- HMS Porpoise

Class overview
- Name: Grampus class
- Operators: Royal Navy Kriegsmarine
- Preceded by: River class
- Succeeded by: T class
- In commission: 1933—1945
- Completed: 6
- Lost: 5
- Retired: 1

General characteristics
- Type: Submarine
- Displacement: 1,810 tons surfaced; 2,157 tons submerged;
- Length: 293 ft (89 m)
- Beam: 25 ft 6 in (7.77 m)
- Draught: 16 ft 10 in (5.13 m)
- Propulsion: 2 shaft, diesel (3,300 hp; 2,500 kW) plus electric (1,630 hp; 1,220 kW)
- Speed: 15.5 knots (28.7 km/h; 17.8 mph) surfaced; 8.75 knots (16.21 km/h; 10.07 mph) submerged;
- Complement: 59
- Armament: 6 × 21 in torpedo tubes (bow); 12 torpedoes; 1 × QF 4-inch (101.6 mm) Mk XII deck gun; 50 mines;

= Grampus-class submarine =

Type of British submarines in service before and during WWII

The Grampus-class submarines were a group of minelaying submarines built for the Royal Navy in the late 1930s.
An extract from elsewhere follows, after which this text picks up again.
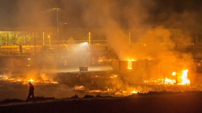 The blaze started during a fight between Kurds and Afghans at the Grande-Synthe camp, near the port of Dunkirk.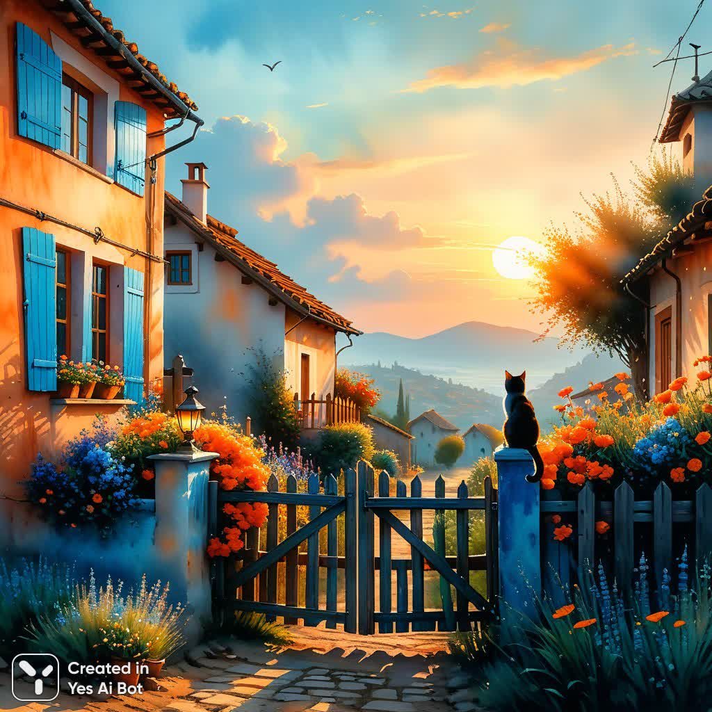 A quaint village scene with a wooden fence, a cat perched on a post, and a house with a blue door. The fence is adorned with flowers and the sky is a soft blend of orange and blue hues, suggesting either sunrise or sunset., (watercolor), high resolution, intricate details, 4k, wallpaper, concept art, watercolor on textured paper. Overall, it's an absolute world-class masterpiece watercolor artwork. It's an aesthetically pleasing watercolor artwork with impeccable attention to detail and impressive composition.

These boats are sometimes referred to as the Porpoise class from the single prototype, HMS Porpoise built in 1932. Five boats to a modified design were built between 1936 and 1938. The ships were all named after marine mammals.

==Design==
The naval mines were stored in a special "gallery" with a conveyor belt built into the outer casing as pioneered by the converted M-class submarine . These boats were of a saddle tank type.

==Service==
Boats of this class were used extensively in the Mediterranean, particularly as part of the supply effort to the besieged island of Malta in a service nicknamed the "magic carpet".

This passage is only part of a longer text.